▶ [Exercise directions] Although the records contain pictures, only their text should be repeated, exactly as it stands.
--- Extracted information Enclosed Below ---
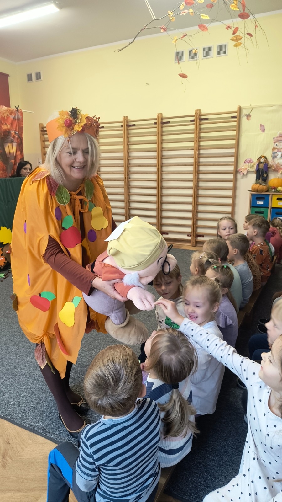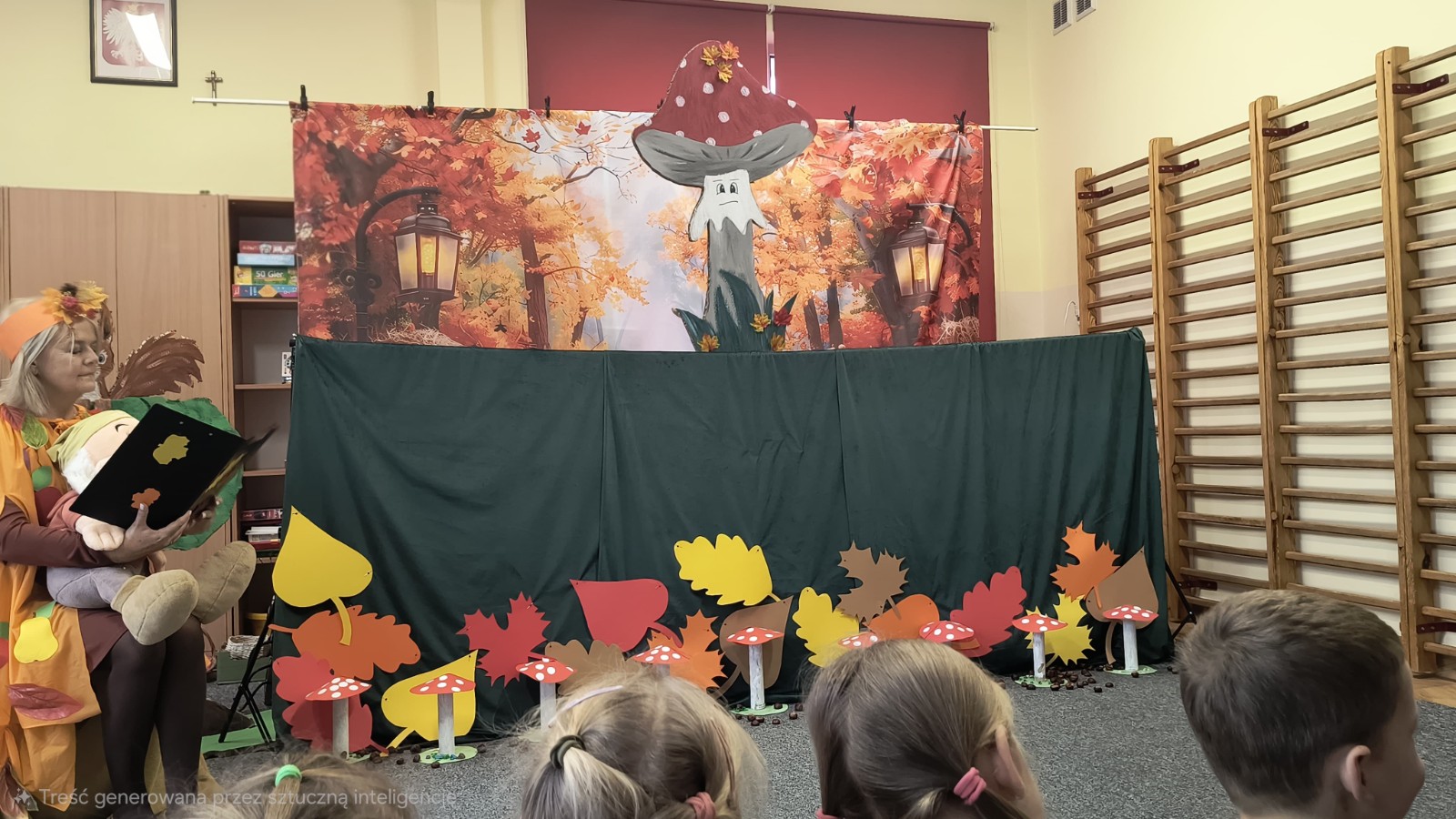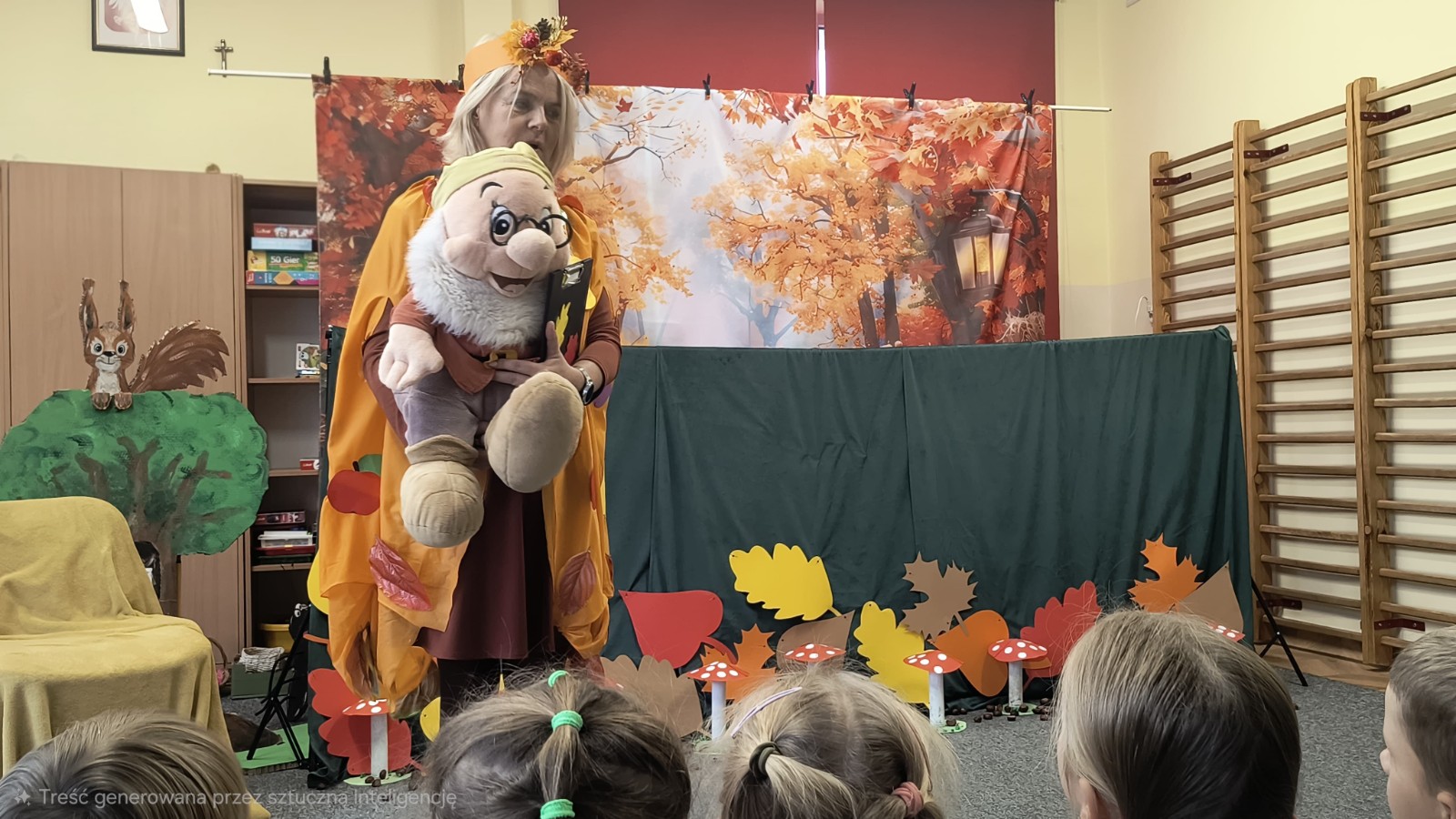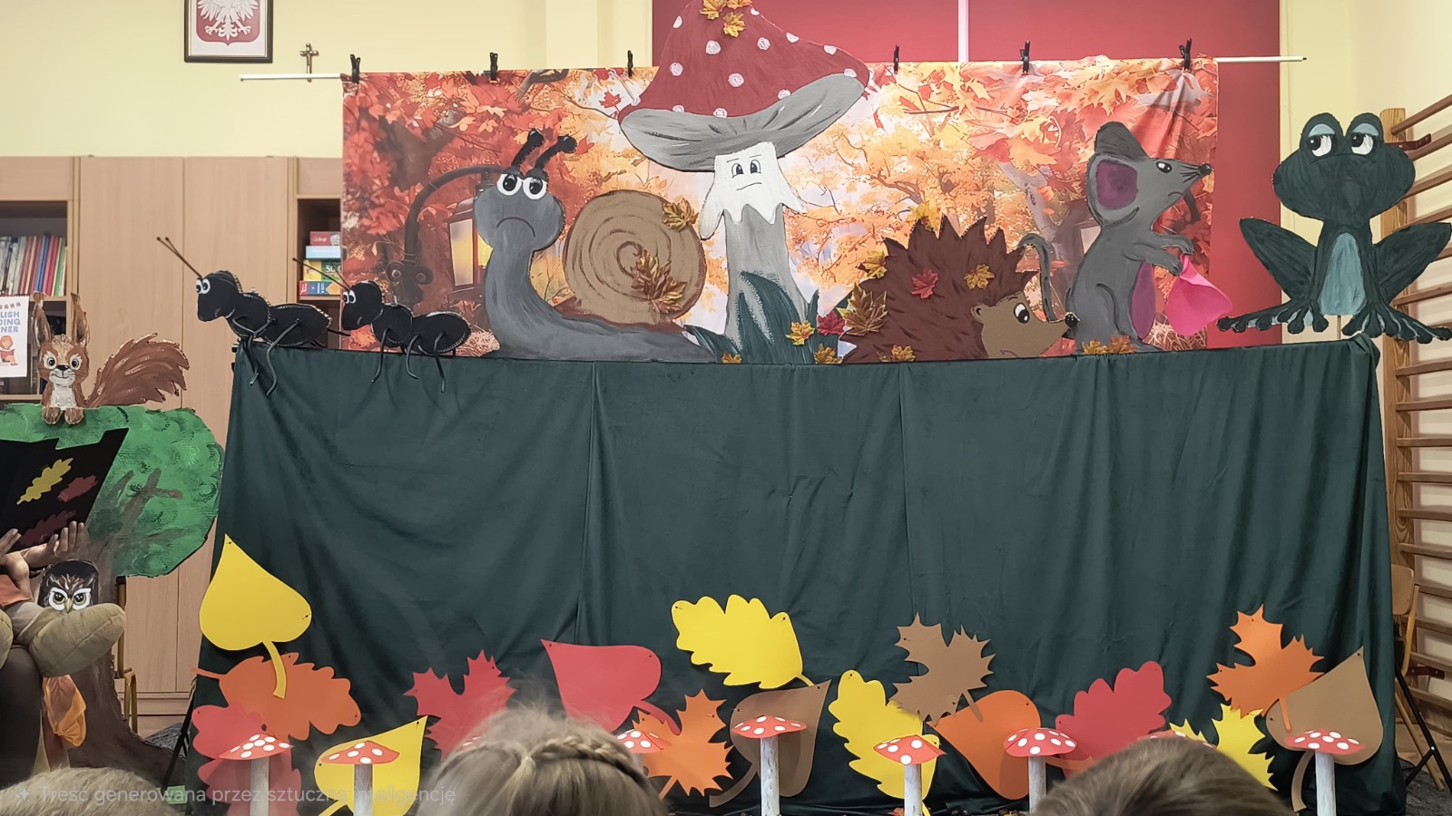 W październiku dzieci z Przedszkola nr 1 w Brusach mogły obejrzeć wyjątkowe przedstawienie "Dom pod Muchomorkiem" . Postaciom występującym w spektaklu głosu użyczyły nauczycielki, które od samego początku ukryte były za dekoracją. Jedyną osobą, która witała dzieci i była jednocześnie narratorem była pani Brygida. To właśnie ona wspólnie z Krasnalem rozpoczęła opowieść o przyjaźni pomiędzy mieszkańcami lasu. Na występ zaproszone zostały wszystkie grupy z przedszkola oraz uczestnicy Środowiskowego Domu Samopomocy w Brusach. Sądząc po minach gości i gromkich brawach jesteśmy pewni, że przedstawienie się spodobało.
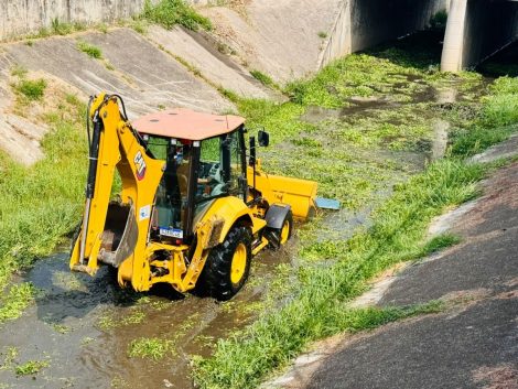 A intervenção ocorre periodicamente, ao longo de aproximadamente 1.100 metros de extensão, com o objetivo de manter o córrego em plenas condições de funcionamento e preparado para suportar os períodos de chuvas.
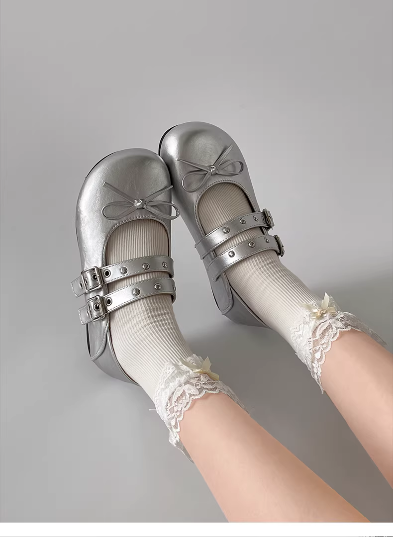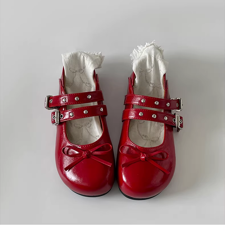 - Giày bệt kiểu Pháp cổ điển màu đỏ, tăng chiều cao ẩn, miệng giày nông, mẫu mới thu đông 2025 dành cho nữ, giày Mary Jane đa năng phối cùng chân váy.
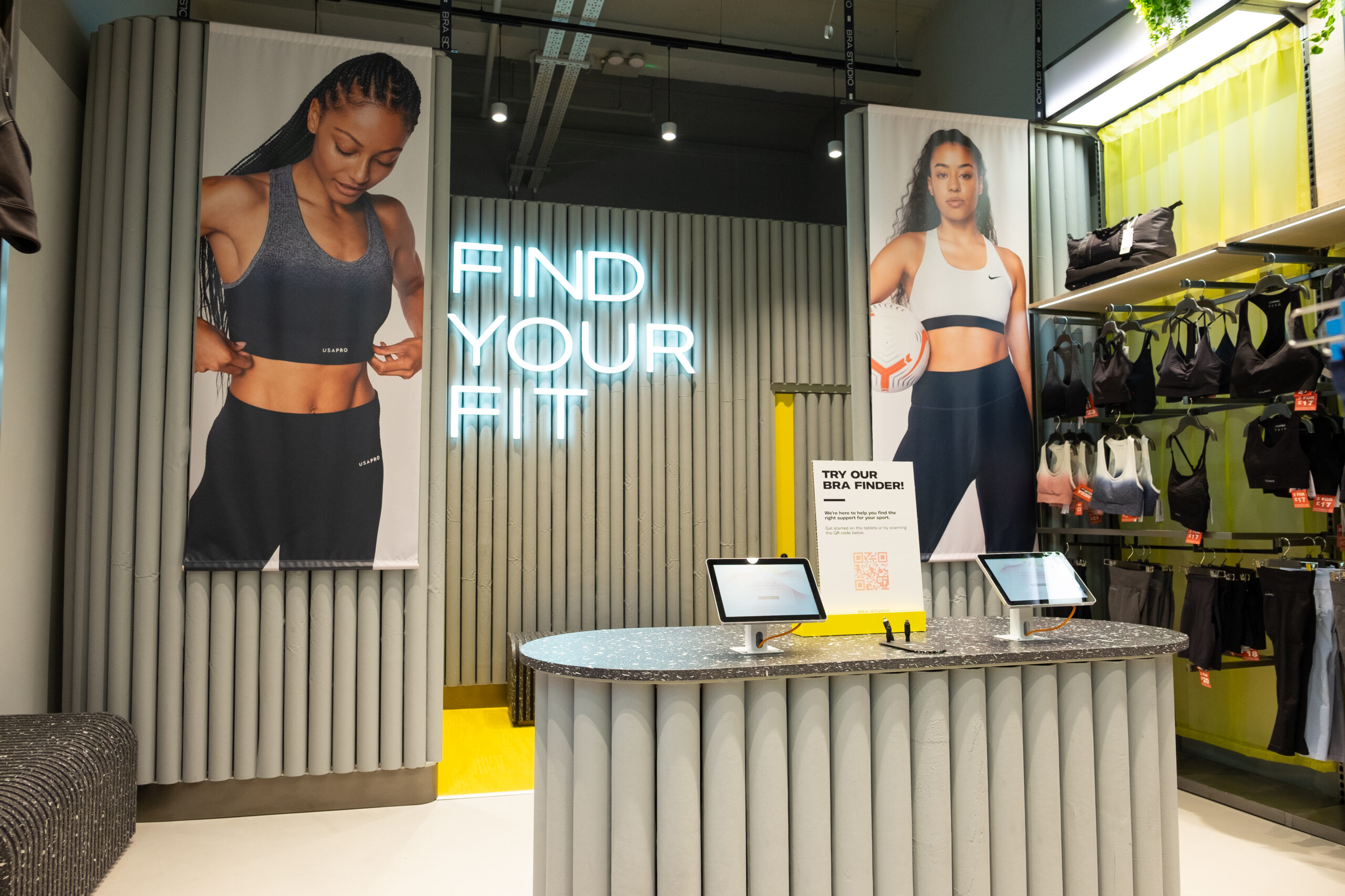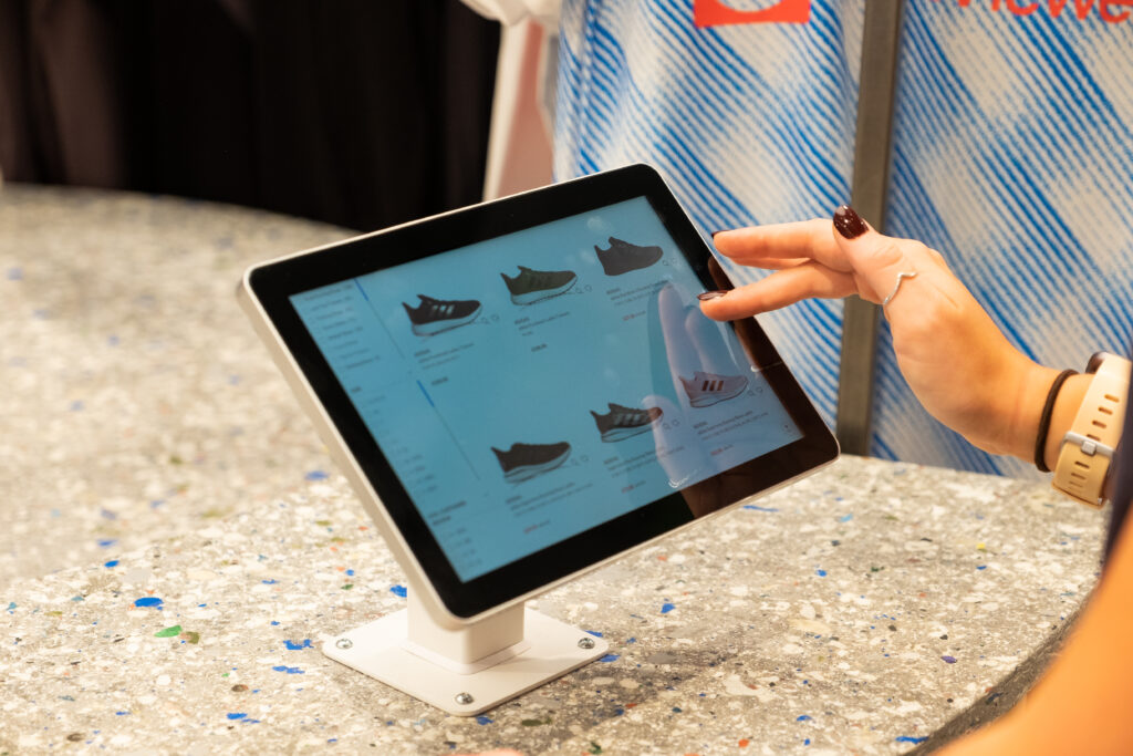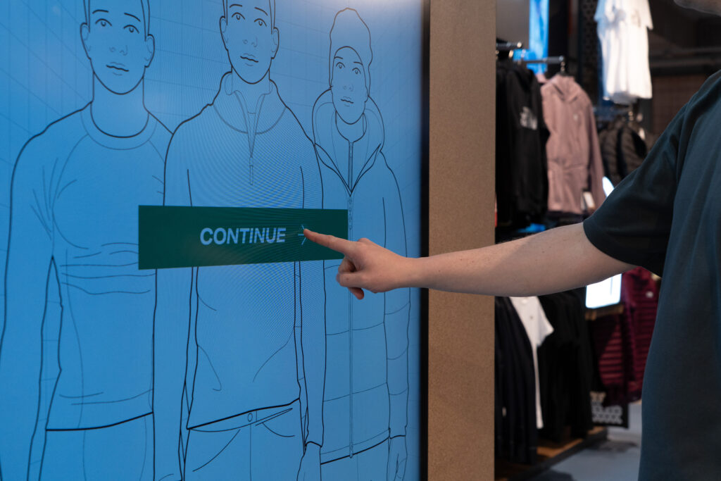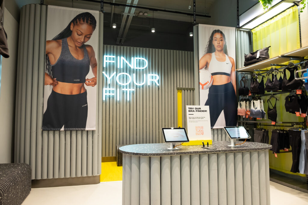From hiking boots to sports bras, our touchscreen Product Finder tablets help customers find the perfect fit. In the outdoor zone, shoppers receive boot recommendations based on terrain and activity. In the women’s section, the same tech powers Sports Bra Finders, offering suggestions based on support level, activity type, and design preference.
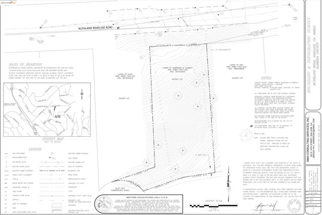 Prime opportunity to build in Oakland’s desirable Montclair neighborhood (94611). This 9,450 sq ft vacant lot comes with approved planning (PLN21079) for a three-story, 2,777 sq ft single-family residence featuring a two-car garage and an elevator. The approved design provides modern hillside living with expansive space and functionality, saving months of planning and review time. The parcel is zoned RH-4 with S-14 and S-9 overlays, offering potential for customization or future additions. The lot is gently sloped with utilities available at the street, located in a low liquefaction risk area outside of any fault, flood, or wildfire zones. A rare shovel-ready opportunity in the Montclair hills, just minutes from Montclair Village, Highway 13, and top-rated schools. Perfect for developers, investors, or an owner-builder ready to bring an approved project to life.
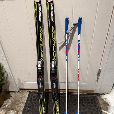 Fischer langrennsski med tilhørende staver og skisko. Skiene har Fischer-bindinger og er i klassisk langrennsmodell. Det følger med et par langrennsstaver som passer til skiene. I tillegg følger det med to par skisko: ett par fra Fischer str 35 og ett par fra Alpina str 31. Skiskoene har snøring og glidelås i front samt overtrekk som beskytter mot snø og fukt. Utstyrspakken passer til klassisk langrenn. Skiene er i str 90 (smørefri) og 130 (felleski), og staver str 90 og 95.
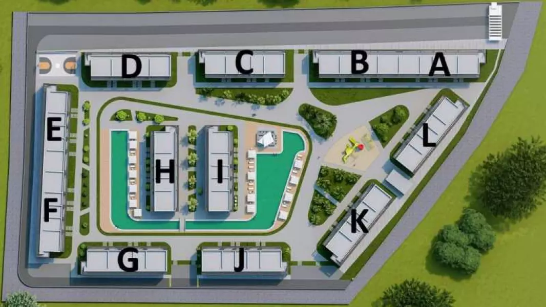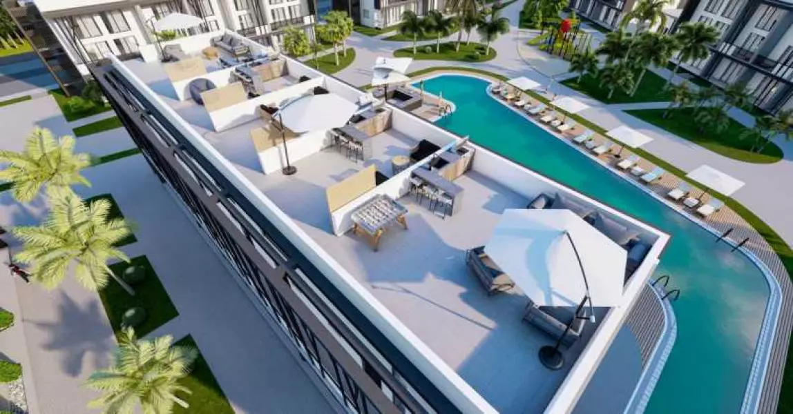 Удобное расположение: Комплекс находится всего в 1 км от знаменитого пляжа Long Beach, в 10 км от Восточно-Средиземноморского университета, и в 40 км от аэропорта Эрджан. Также рядом расположены супермаркеты, школы, больницы и другие важные объекты инфраструктуры.
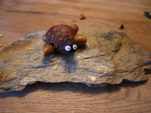 Fertig sind die Kinder mit dieser einfachen, aber doch sehr hübschen Bastelei im Herbst. Auch kleinere Kinder kommen bei dieser Bastelarbeit mit Kastanien und Eicheln zurecht. Und Xaver haben wir auch wieder gefunden. Die Schildkröte hatte sich unter einem Stapel Brennholz versteckt.
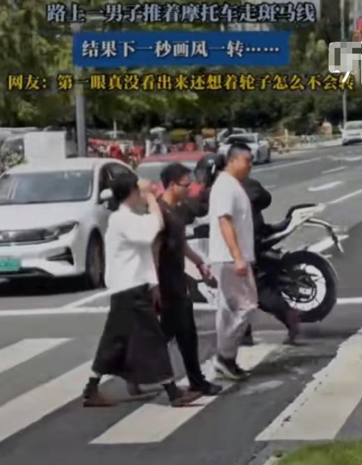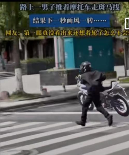 一男子推着摩托车过斑马线,没想到下一秒突然画风一转,男子扛起摩托车健步如飞直接跑
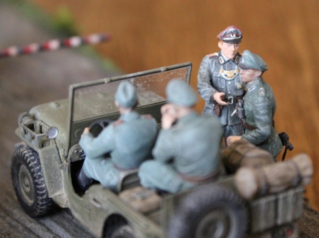 Издалека нормально смотрится. Вблизи бросаются в глаза ошибки начинающего моделиста. Думаю, если будете работать, всё получится.По матчасти критиковать не буду -но только непонятно, зачем вы "Виллису" решётку вырезали - так делали только британцы из SAS в Африке. To Aleksey - немцы использовали "Виллисы" уже начиная с 1942г.
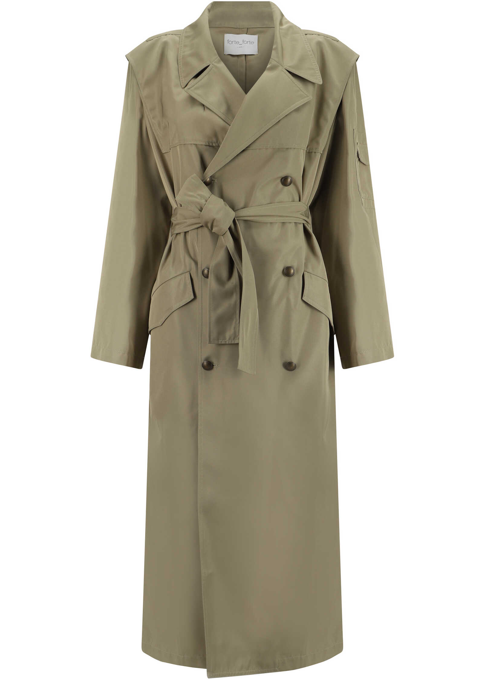 Cotton Trench Jacket by Forte_Forte, classic lapels, front button closure, two side flap welt pockets, back slit, flap patch pocket on left belly, matching knotted sash waistband, monochrome pattern, regular fit.
--- End of Enclosed Extracted information ---
▶ [Answer for this exercise]
 W październiku dzieci z Przedszkola nr 1 w Brusach mogły obejrzeć wyjątkowe przedstawienie "Dom pod Muchomorkiem" . Postaciom występującym w spektaklu głosu użyczyły nauczycielki, które od samego początku ukryte były za dekoracją. Jedyną osobą, która witała dzieci i była jednocześnie narratorem była pani Brygida. To właśnie ona wspólnie z Krasnalem rozpoczęła opowieść o przyjaźni pomiędzy mieszkańcami lasu. Na występ zaproszone zostały wszystkie grupy z przedszkola oraz uczestnicy Środowiskowego Domu Samopomocy w Brusach. Sądząc po minach gości i gromkich brawach jesteśmy pewni, że przedstawienie się spodobało.
 A intervenção ocorre periodicamente, ao longo de aproximadamente 1.100 metros de extensão, com o objetivo de manter o córrego em plenas condições de funcionamento e preparado para suportar os períodos de chuvas.
 - Giày bệt kiểu Pháp cổ điển màu đỏ, tăng chiều cao ẩn, miệng giày nông, mẫu mới thu đông 2025 dành cho nữ, giày Mary Jane đa năng phối cùng chân váy.
From hiking boots to sports bras, our touchscreen Product Finder tablets help customers find the perfect fit. In the outdoor zone, shoppers receive boot recommendations based on terrain and activity. In the women’s section, the same tech powers Sports Bra Finders, offering suggestions based on support level, activity type, and design preference.
 Prime opportunity to build in Oakland’s desirable Montclair neighborhood (94611). This 9,450 sq ft vacant lot comes with approved planning (PLN21079) for a three-story, 2,777 sq ft single-family residence featuring a two-car garage and an elevator. The approved design provides modern hillside living with expansive space and functionality, saving months of planning and review time. The parcel is zoned RH-4 with S-14 and S-9 overlays, offering potential for customization or future additions. The lot is gently sloped with utilities available at the street, located in a low liquefaction risk area outside of any fault, flood, or wildfire zones. A rare shovel-ready opportunity in the Montclair hills, just minutes from Montclair Village, Highway 13, and top-rated schools. Perfect for developers, investors, or an owner-builder ready to bring an approved project to life.
 Fischer langrennsski med tilhørende staver og skisko. Skiene har Fischer-bindinger og er i klassisk langrennsmodell. Det følger med et par langrennsstaver som passer til skiene. I tillegg følger det med to par skisko: ett par fra Fischer str 35 og ett par fra Alpina str 31. Skiskoene har snøring og glidelås i front samt overtrekk som beskytter mot snø og fukt. Utstyrspakken passer til klassisk langrenn. Skiene er i str 90 (smørefri) og 130 (felleski), og staver str 90 og 95.
 Удобное расположение: Комплекс находится всего в 1 км от знаменитого пляжа Long Beach, в 10 км от Восточно-Средиземноморского университета, и в 40 км от аэропорта Эрджан. Также рядом расположены супермаркеты, школы, больницы и другие важные объекты инфраструктуры.
 Fertig sind die Kinder mit dieser einfachen, aber doch sehr hübschen Bastelei im Herbst. Auch kleinere Kinder kommen bei dieser Bastelarbeit mit Kastanien und Eicheln zurecht. Und Xaver haben wir auch wieder gefunden. Die Schildkröte hatte sich unter einem Stapel Brennholz versteckt.
 一男子推着摩托车过斑马线,没想到下一秒突然画风一转,男子扛起摩托车健步如飞直接跑
 Издалека нормально смотрится. Вблизи бросаются в глаза ошибки начинающего моделиста. Думаю, если будете работать, всё получится.По матчасти критиковать не буду -но только непонятно, зачем вы "Виллису" решётку вырезали - так делали только британцы из SAS в Африке. To Aleksey - немцы использовали "Виллисы" уже начиная с 1942г.
 Cotton Trench Jacket by Forte_Forte, classic lapels, front button closure, two side flap welt pockets, back slit, flap patch pocket on left belly, matching knotted sash waistband, monochrome pattern, regular fit.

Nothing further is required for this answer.